_YOUR INSTRUCTIONS_
Transcribe, exactly and without pictures, the lines below from the line with "小島校長先生から、「元気にあ" to the line with "Масло сливочное Вкуснотеево", both ends included, and no others.

_INPUT RECORDS_
- Opening Delimiter -

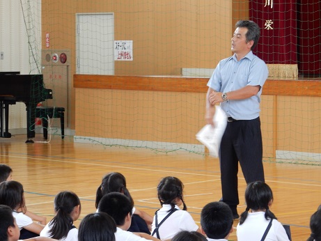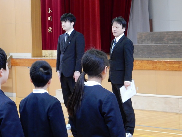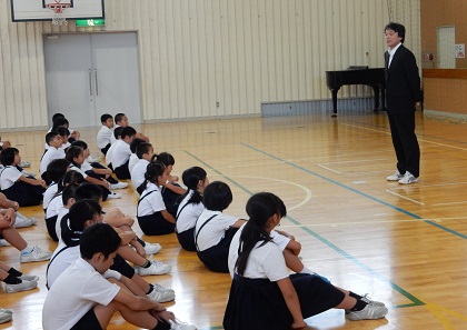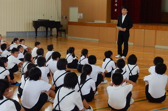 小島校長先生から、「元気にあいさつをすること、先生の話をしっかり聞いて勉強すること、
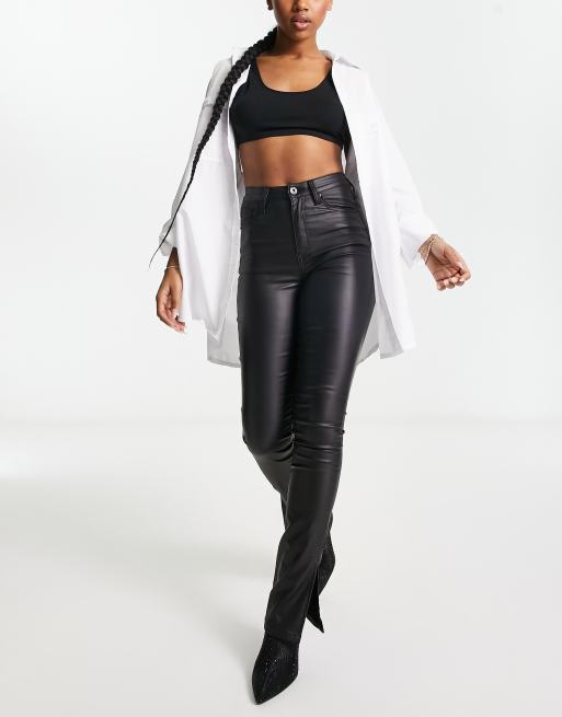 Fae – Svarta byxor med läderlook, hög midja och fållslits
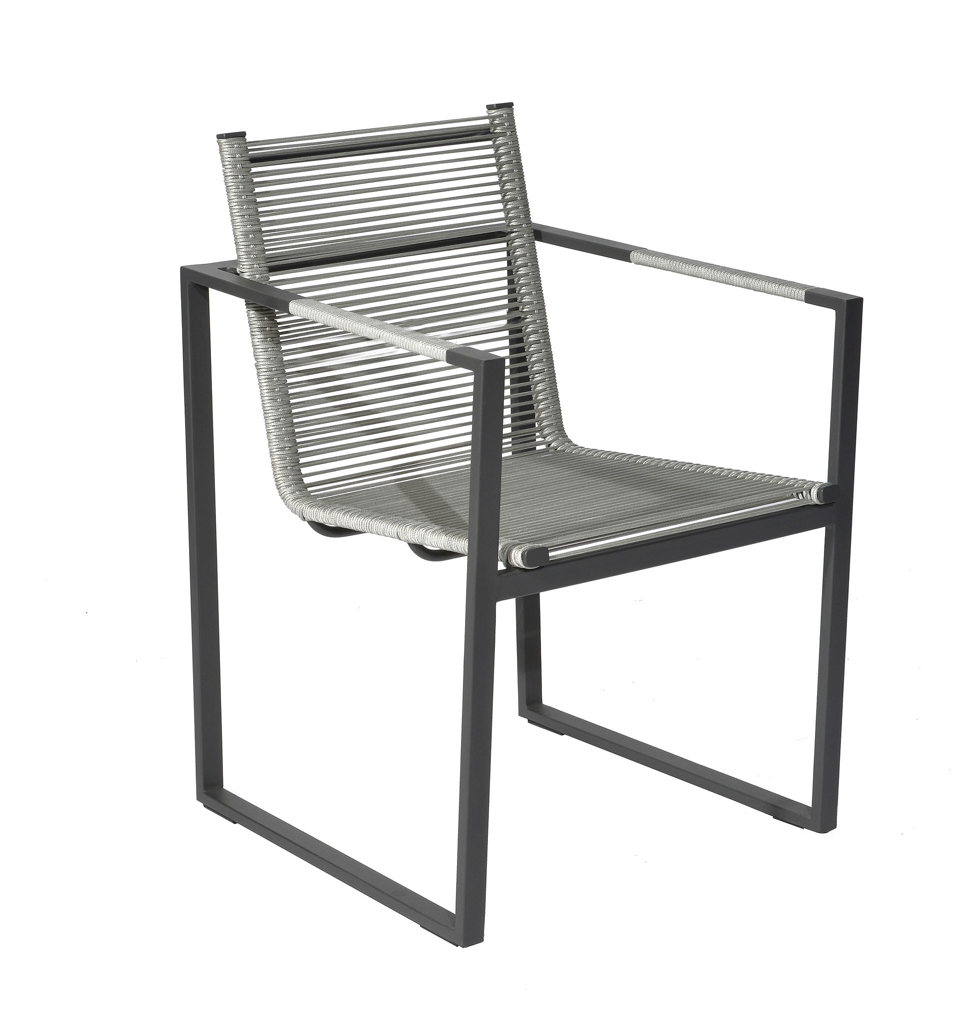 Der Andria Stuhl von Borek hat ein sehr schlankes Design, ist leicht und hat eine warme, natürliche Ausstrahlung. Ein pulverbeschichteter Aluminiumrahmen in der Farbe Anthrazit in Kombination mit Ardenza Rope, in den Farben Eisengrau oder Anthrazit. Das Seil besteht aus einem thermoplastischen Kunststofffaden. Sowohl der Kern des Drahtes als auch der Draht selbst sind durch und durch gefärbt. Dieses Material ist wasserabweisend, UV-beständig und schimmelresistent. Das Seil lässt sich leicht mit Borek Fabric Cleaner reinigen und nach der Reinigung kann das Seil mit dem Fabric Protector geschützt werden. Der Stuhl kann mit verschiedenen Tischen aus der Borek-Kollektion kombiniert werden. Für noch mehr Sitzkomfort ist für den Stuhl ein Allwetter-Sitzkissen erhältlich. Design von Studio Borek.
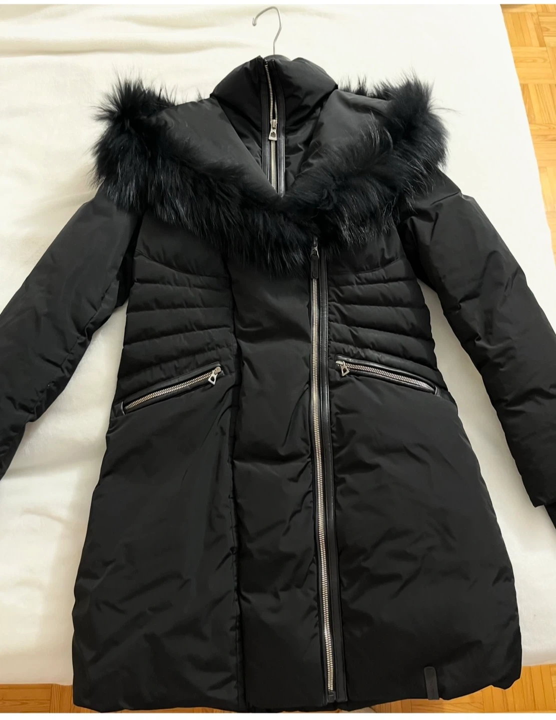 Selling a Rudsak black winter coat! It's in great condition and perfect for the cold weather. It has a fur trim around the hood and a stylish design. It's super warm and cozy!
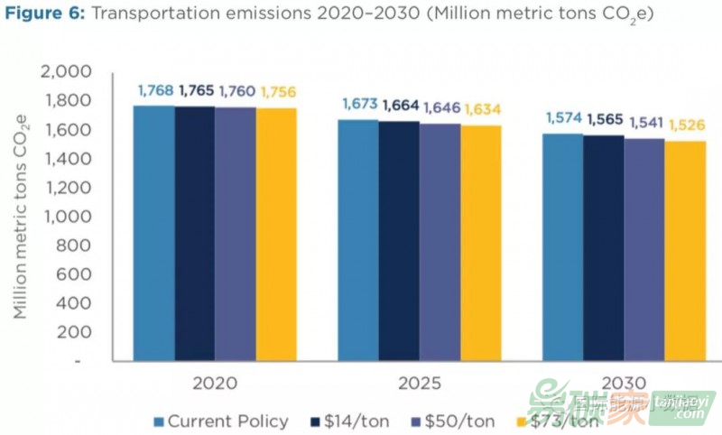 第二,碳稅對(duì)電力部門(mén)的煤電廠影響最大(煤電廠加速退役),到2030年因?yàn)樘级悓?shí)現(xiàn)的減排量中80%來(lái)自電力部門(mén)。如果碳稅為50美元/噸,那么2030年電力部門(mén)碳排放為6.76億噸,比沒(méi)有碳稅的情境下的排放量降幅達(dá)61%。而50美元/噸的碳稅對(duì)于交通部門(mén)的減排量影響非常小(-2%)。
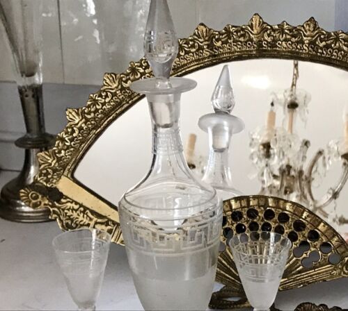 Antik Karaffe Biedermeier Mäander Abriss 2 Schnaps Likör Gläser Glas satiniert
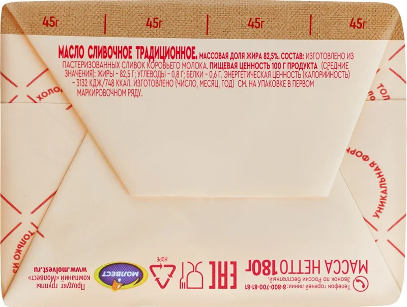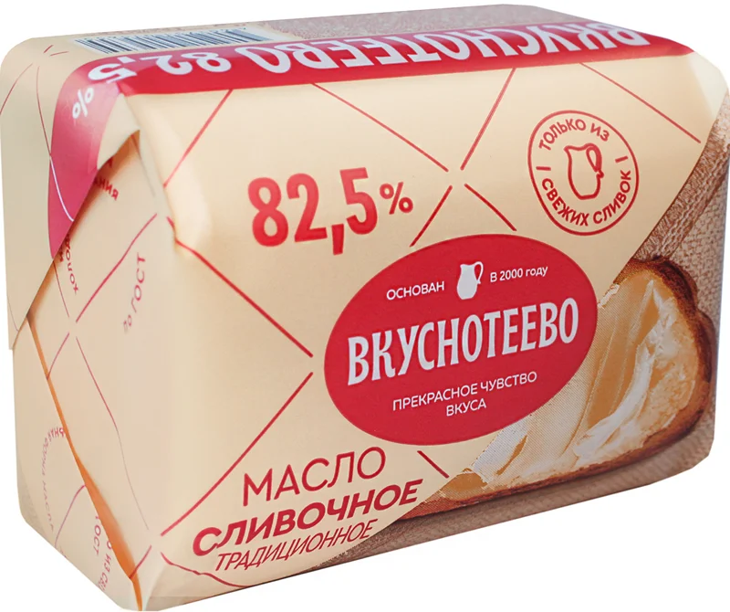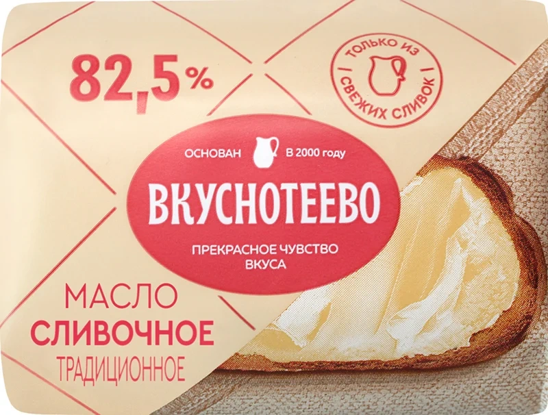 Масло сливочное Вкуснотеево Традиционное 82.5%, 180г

- Closing Delimiter -
- Opening Delimiter -

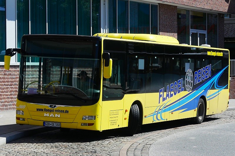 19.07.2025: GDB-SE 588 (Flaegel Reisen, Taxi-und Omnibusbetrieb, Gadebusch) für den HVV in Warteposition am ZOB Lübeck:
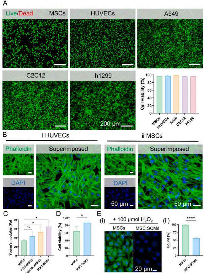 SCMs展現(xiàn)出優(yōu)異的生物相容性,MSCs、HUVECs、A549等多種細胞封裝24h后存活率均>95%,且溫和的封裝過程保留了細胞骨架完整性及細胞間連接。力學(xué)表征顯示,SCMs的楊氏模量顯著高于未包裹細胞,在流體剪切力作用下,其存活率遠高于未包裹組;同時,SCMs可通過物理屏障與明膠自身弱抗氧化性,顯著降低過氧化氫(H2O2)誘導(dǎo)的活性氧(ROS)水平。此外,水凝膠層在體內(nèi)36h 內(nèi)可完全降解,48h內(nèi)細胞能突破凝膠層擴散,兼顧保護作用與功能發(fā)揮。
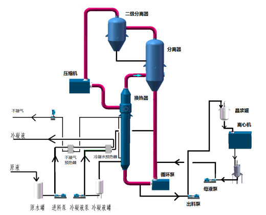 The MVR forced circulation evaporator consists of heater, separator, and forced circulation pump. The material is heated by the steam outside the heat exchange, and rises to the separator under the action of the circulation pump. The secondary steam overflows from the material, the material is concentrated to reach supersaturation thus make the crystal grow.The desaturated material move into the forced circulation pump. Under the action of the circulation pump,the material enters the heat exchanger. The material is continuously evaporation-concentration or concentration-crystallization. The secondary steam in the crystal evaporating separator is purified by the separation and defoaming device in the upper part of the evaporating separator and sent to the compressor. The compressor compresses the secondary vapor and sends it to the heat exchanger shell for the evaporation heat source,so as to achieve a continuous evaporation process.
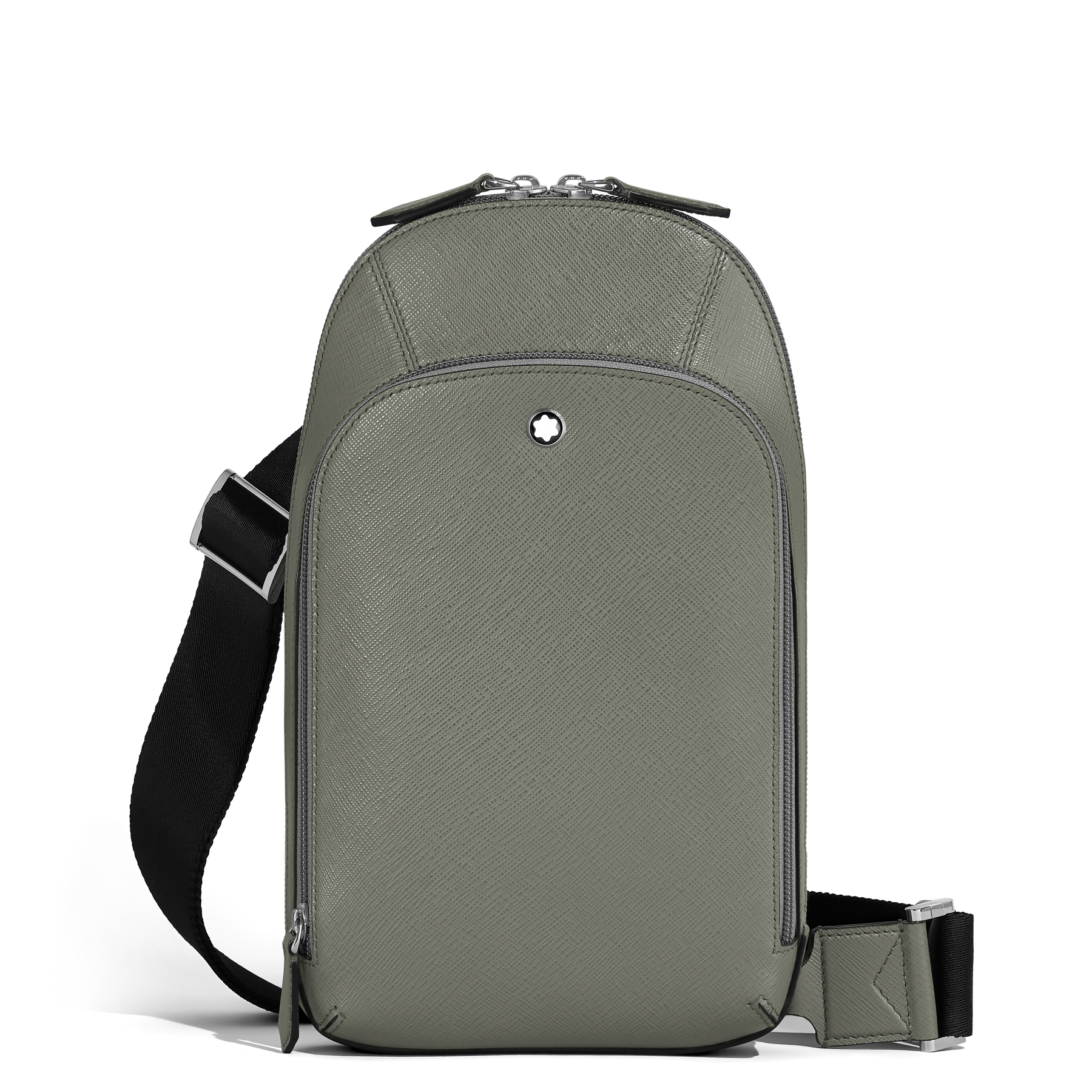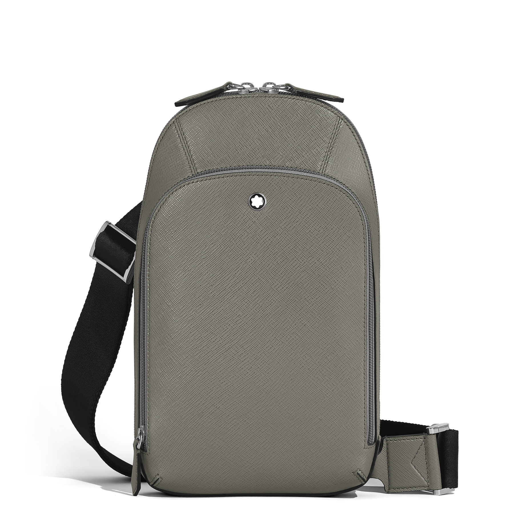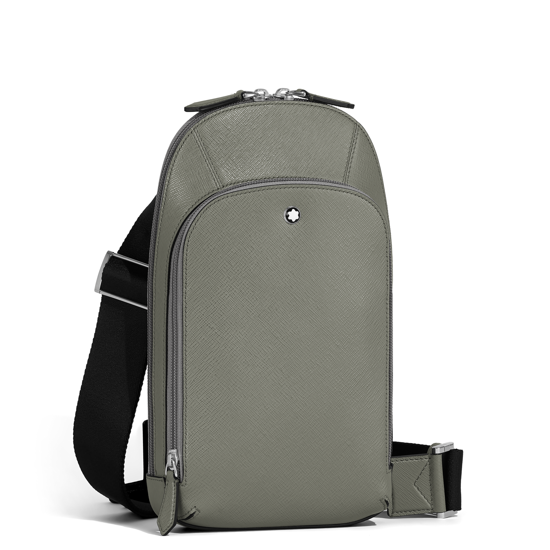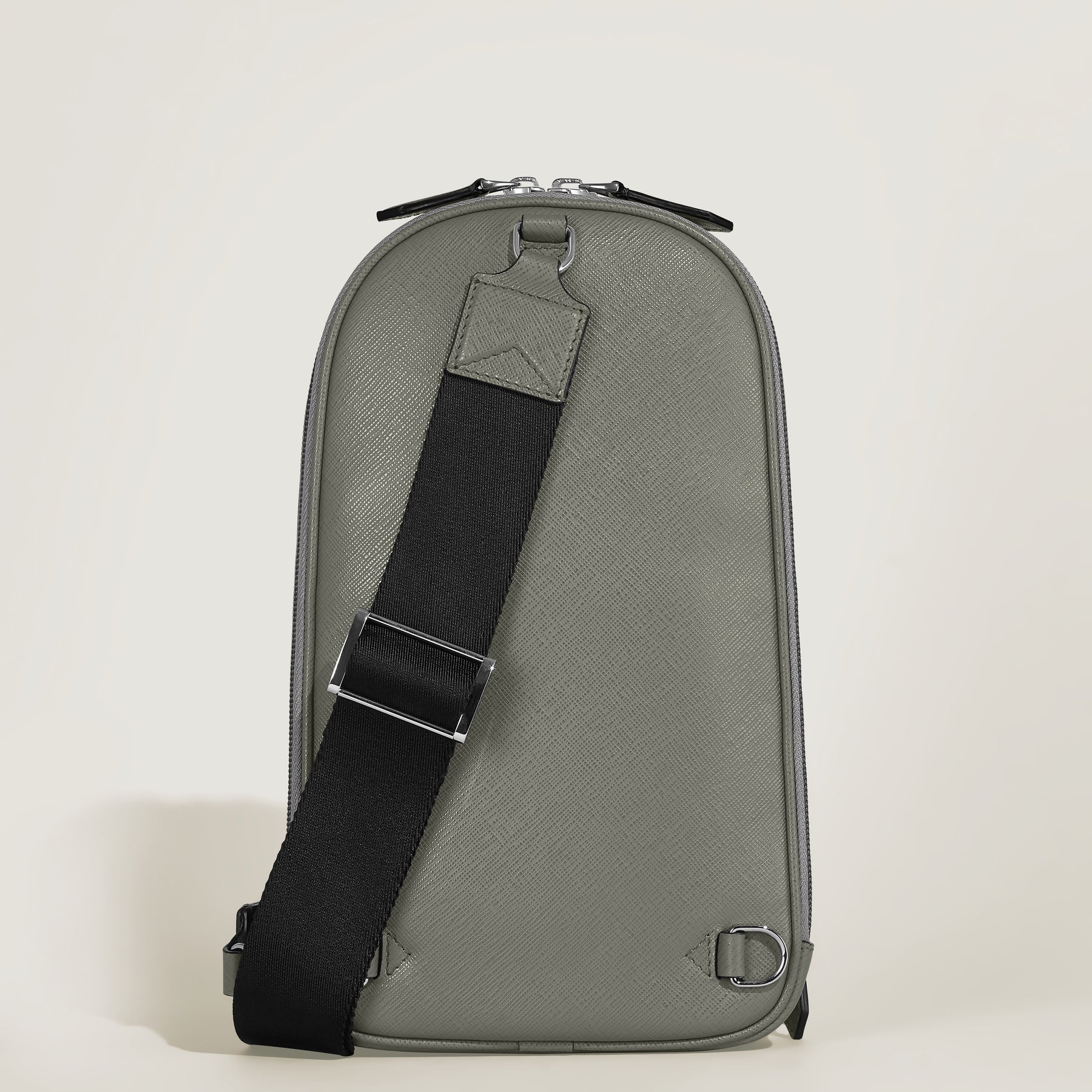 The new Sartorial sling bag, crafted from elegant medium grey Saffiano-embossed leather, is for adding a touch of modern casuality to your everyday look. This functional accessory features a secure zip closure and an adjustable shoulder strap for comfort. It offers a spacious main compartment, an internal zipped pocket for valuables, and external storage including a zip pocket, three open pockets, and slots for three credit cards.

- Closing Delimiter -
- Opening Delimiter -

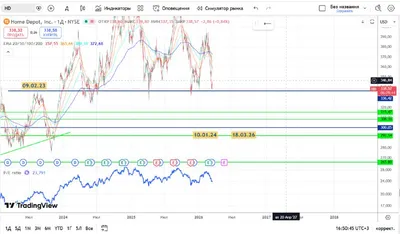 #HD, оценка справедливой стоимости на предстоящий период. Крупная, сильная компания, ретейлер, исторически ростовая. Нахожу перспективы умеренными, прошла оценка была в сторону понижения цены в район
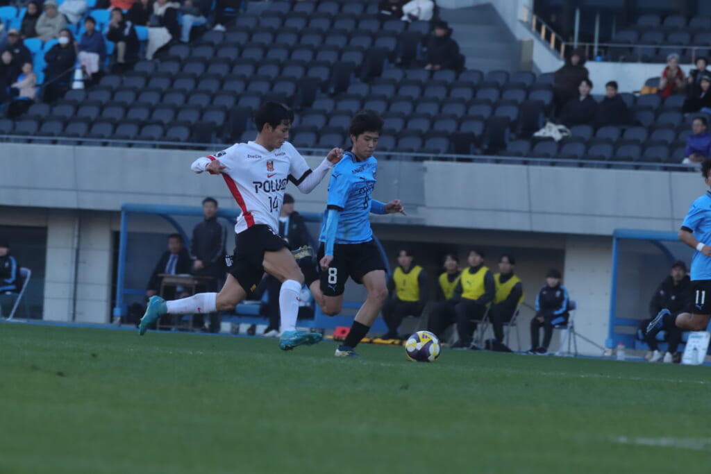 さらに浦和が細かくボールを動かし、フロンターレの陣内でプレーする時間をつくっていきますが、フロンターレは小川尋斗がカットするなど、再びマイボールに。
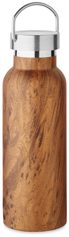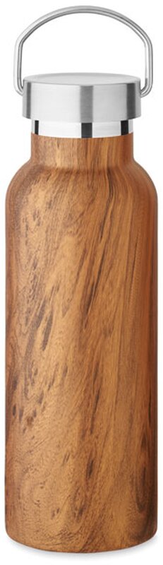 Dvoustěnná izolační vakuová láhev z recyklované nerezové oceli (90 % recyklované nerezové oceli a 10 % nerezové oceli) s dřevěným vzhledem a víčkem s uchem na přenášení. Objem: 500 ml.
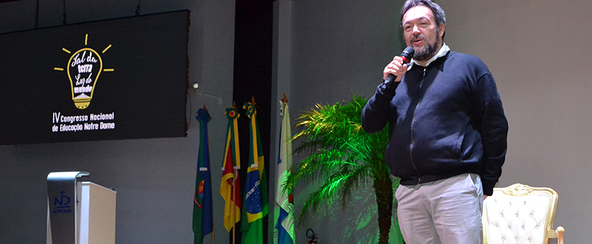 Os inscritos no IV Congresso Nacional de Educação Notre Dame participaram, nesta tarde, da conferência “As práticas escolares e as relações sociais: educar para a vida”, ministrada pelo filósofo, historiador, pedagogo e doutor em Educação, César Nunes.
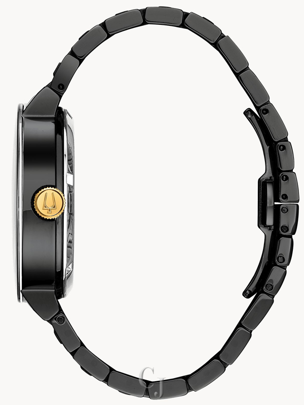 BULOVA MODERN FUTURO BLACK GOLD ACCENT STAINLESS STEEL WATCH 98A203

- Closing Delimiter -

_PROBLEM SOLUTION_
 小島校長先生から、「元気にあいさつをすること、先生の話をしっかり聞いて勉強すること、
 Fae – Svarta byxor med läderlook, hög midja och fållslits
 Der Andria Stuhl von Borek hat ein sehr schlankes Design, ist leicht und hat eine warme, natürliche Ausstrahlung. Ein pulverbeschichteter Aluminiumrahmen in der Farbe Anthrazit in Kombination mit Ardenza Rope, in den Farben Eisengrau oder Anthrazit. Das Seil besteht aus einem thermoplastischen Kunststofffaden. Sowohl der Kern des Drahtes als auch der Draht selbst sind durch und durch gefärbt. Dieses Material ist wasserabweisend, UV-beständig und schimmelresistent. Das Seil lässt sich leicht mit Borek Fabric Cleaner reinigen und nach der Reinigung kann das Seil mit dem Fabric Protector geschützt werden. Der Stuhl kann mit verschiedenen Tischen aus der Borek-Kollektion kombiniert werden. Für noch mehr Sitzkomfort ist für den Stuhl ein Allwetter-Sitzkissen erhältlich. Design von Studio Borek.
 Selling a Rudsak black winter coat! It's in great condition and perfect for the cold weather. It has a fur trim around the hood and a stylish design. It's super warm and cozy!
 第二,碳稅對(duì)電力部門(mén)的煤電廠影響最大(煤電廠加速退役),到2030年因?yàn)樘级悓?shí)現(xiàn)的減排量中80%來(lái)自電力部門(mén)。如果碳稅為50美元/噸,那么2030年電力部門(mén)碳排放為6.76億噸,比沒(méi)有碳稅的情境下的排放量降幅達(dá)61%。而50美元/噸的碳稅對(duì)于交通部門(mén)的減排量影響非常小(-2%)。
 Antik Karaffe Biedermeier Mäander Abriss 2 Schnaps Likör Gläser Glas satiniert
 Масло сливочное Вкуснотеево Традиционное 82.5%, 180г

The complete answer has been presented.